An MA company has a yearly contract with Medicare, is paid a fixed monthly payment for each person who enrolls and administers all the medical treatment a person receives. Plans usually include medications and are then call a MAPD. Individuals usually pay the company a monthly cost.

Plans cover additional benefits such as an annual physical (Medicare does not) and usually offer discounts on or options to buy benefits, such as fitness, dental, vision and hearing not in original Medicare.

All treatment is received from providers in the company’s network.

Availability is based on the county a person lives in. Here in CT, some MA companies offer plans but do not offer all options in all counties.

If an individual is interested in a Medicare Advantage plan, there are different election periods in which they can enroll. Medicare has assigned the following priority to these periods:

The Initial Coverage Election Period: This occurs when a person is first eligible for Medicare. They can elect a Medicare Advantage plan or a MA plan with prescription coverage (MAPD).

Note: There is also an enrollment period at the same time for the person who wants to stay on original Medicare and buy a stand-alone Prescription Drug Plan. It is called an Initial Enrollment Period.

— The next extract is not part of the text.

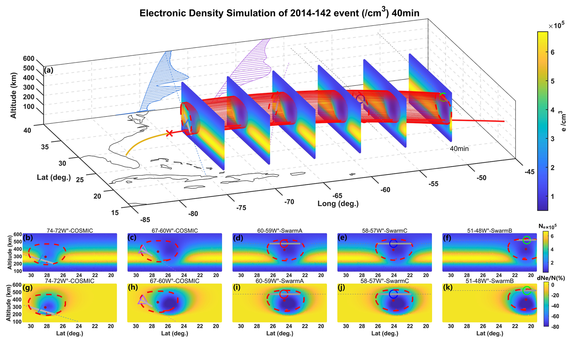 Figure 6Simulated electron density distribution at 40 min and the range of HIREs. (a) The COSMIC-1 data tangent points (marked by dashed lines) with electron density profile projections on the 40° N vertical cross-section. The other marks are the same as Fig. 1. (b–f) The simulated and observed ranges in different latitudinal ranges; (g–k) the percentage change in electron density.

The Medicare Advantage Open Enrollment Period: This option will again be available for 2019. It occurs from January 1st to March 31st and allows a person who was dissatisfied for some reason with their current Medicare Advantage (MA) plan to make a change. They can elect a new MA or return to original Medicare and select a stand alone Prescription Drug Plan.

Special Election Periods: These are for different kinds of situations such as when a person moved to a different state.

Annual Election Period: A period each year in the fall to change coverage for January 1. This is currently October 15 to December 7.

Open Enrollment Period for Institutionalized Individuals: A special period for an individual who is entering or leaving a long-term care facility.